Apart from their role in forensic anthropology, RE and RP represent a diagnostic and therapeutic challenge in clinical dentistry, particularly in oral surgery, endodontics and periodontology. First, these roots are prone to fracture during the extraction of the tooth. Second, they may be the cause of endodontic treatment failure if not identified, properly instrumented and filled. Third, their presence may contribute to localised periodontal destruction, which is probably related to the increased complexity of furcation morphology [13]. As a result of all these factors, three-rooted MFMs are lost in significantly younger patients than their two-rooted counterparts [8].
Knowledge of the morphological characteristics of three-rooted MFMs is essential for improving the success rate of various treatments and reducing the frequency of procedural complications.
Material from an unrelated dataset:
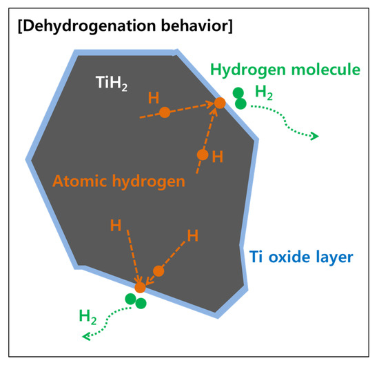 The oxide layer, as the cause of the increased oxygen concentration, was reduced during the dehydrogenation reaction, as shown in Table 1, suggesting that a reduction reaction for the oxide layer occurred. It is commonly known that as Ti has high driving force for oxidation, it is hard to reduce Ti oxides, especially through heat treatment in a vacuum or hydrogen atmosphere. As shown in Figure 5, illustrating a possible way to reduce the Ti oxides, atomic hydrogen was introduced as a tool for the reduction reaction.

In the previous decade, cone-beam computed tomography (CBCT), spiral computed tomography (SCT) and micro-computed tomography (micro-CT) have been used to analyse several morphometric aspects of such teeth, including pulp chamber geometry, root canal configuration, root canal curvature and odontometric variables [9, 10, 16, 20, 25]. However, until now, few studies have addressed the morphology of three-rooted MFMs in European populations [4, 5, 16]. Thus, this study aimed to analyse the morphometric aspects of the external and internal anatomy of three-rooted MFMs extracted from dental patients in Slovenia.
MATERIALS AND METHODS
Extracted teeth
The Faculty of Medicine of the University of Ljubljana houses a collection of extracted teeth donated by Slovene dentists. The collection presently includes 17 three-rooted MFMs (11 right and 6 left). All of them have a lingually-located supernumerary root (RE). The teeth and their supernumerary roots were identified by the present authors. For most teeth, there was no data on the patients’ gender, age, ethnic background, and the reasons for extractions.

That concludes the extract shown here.